Against the backdrop of the civil war, regional interethnic conflicts have resumed. For example, on 28 April 2023, clashes took place here between Arabs and Masalites. On 3 May, 200 people died in interethnic confrontation in El Geneina. At the end of May, 97 Masalites were killed by Arab militias in the town of Mysteries.

On 17 April, three World Food Programme staff were reported to have been killed in a shootout at a military base in Kabkabiya. Two other staff were seriously injured, and several of the organisation's vehicles were looted by SAP fighters. The organisation Save the Children was also affected by the clashes, with its Darfur office looted. The same happened to the UN relief office in the same area, and to Islamic Relief.
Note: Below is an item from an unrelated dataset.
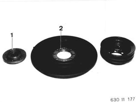 NABE FÜR SCHWINGUNGSDÄMPFER ERSETZEN Schwingungsdämpfer mit Nabe ausbauen 11 23 000. Riemenscheibe abbauen und Schwingungsdämpfer von Nabe abnehmen. Einbauhinweis: Zentrierstift (1) muß in die Bohrung (2) am Schwingungsdämpfer. 11 23 000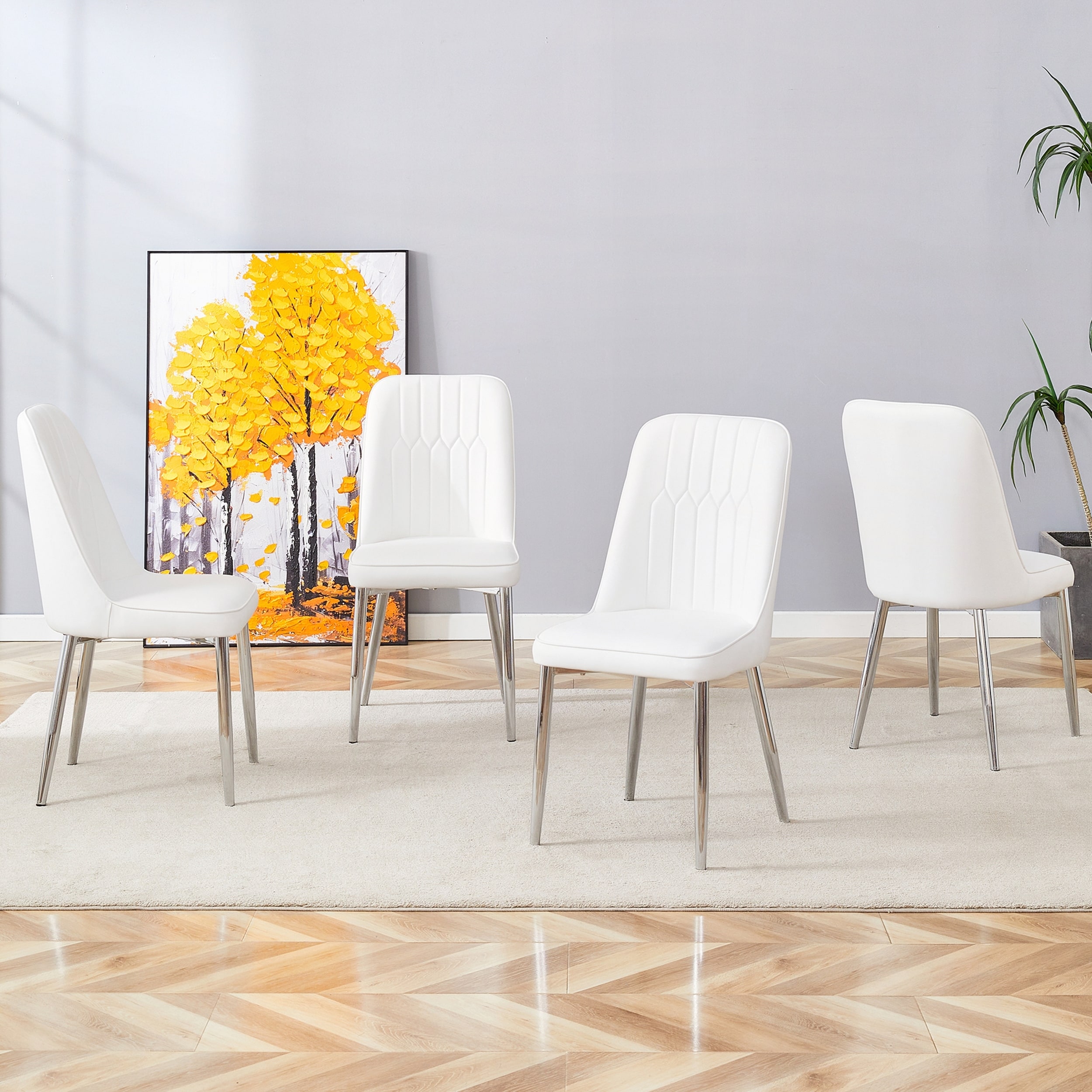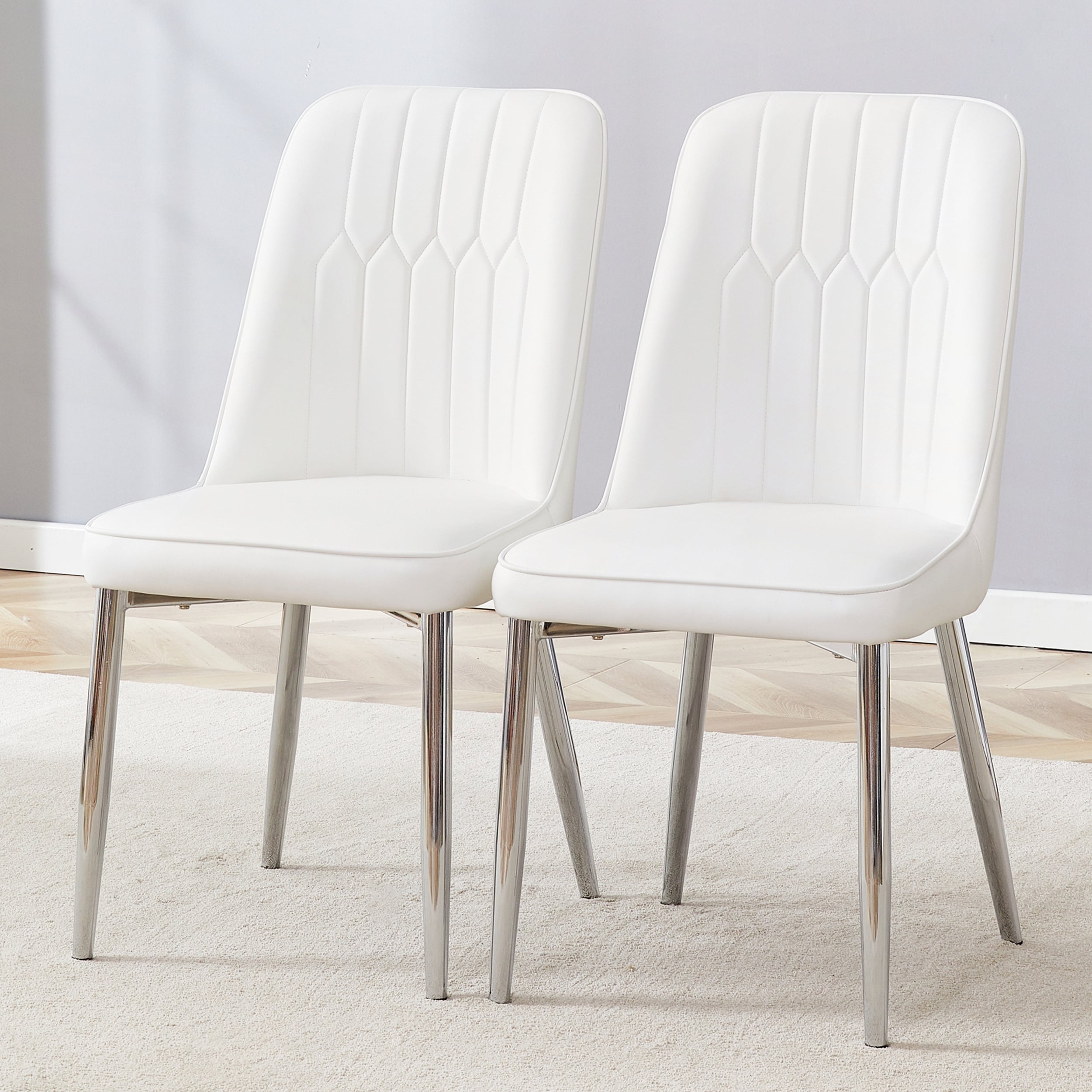 Modern Dining Chairs with Sleek PU Leather Backrest and Sturdy Silver Metal Legs for Kitchen, Bedroom, and Office

On 20 April, a car carrying staff from the Norwegian Refugee Council was attacked in El Fashir, but no injuries were reported. On 3 May, six World Food Programme trucks were looted.

On 2 May 2024, two Red Cross drivers were killed in South Darfur. On 11 June, eight volunteers were killed in an RSF shelling of a soup kitchen in the Tambosi area of El Fasher. On 26 November, the SAF accused the RSF of looting humanitarian aid from an World Food Programme convoy travelling from Port Sudan to Zamzam IDP camp as it passed through Armel on the border between West and North Kardaan, adding that the loot was smuggled to Nyala.

Following the capture of El Fasher by the RSF, numerous mass killings and abuses amounting to a genocide that resulted in at least 6,000 civilians being killed within the span of 3 days. The estimated death toll is believed to be much larger at over 60,000 killed.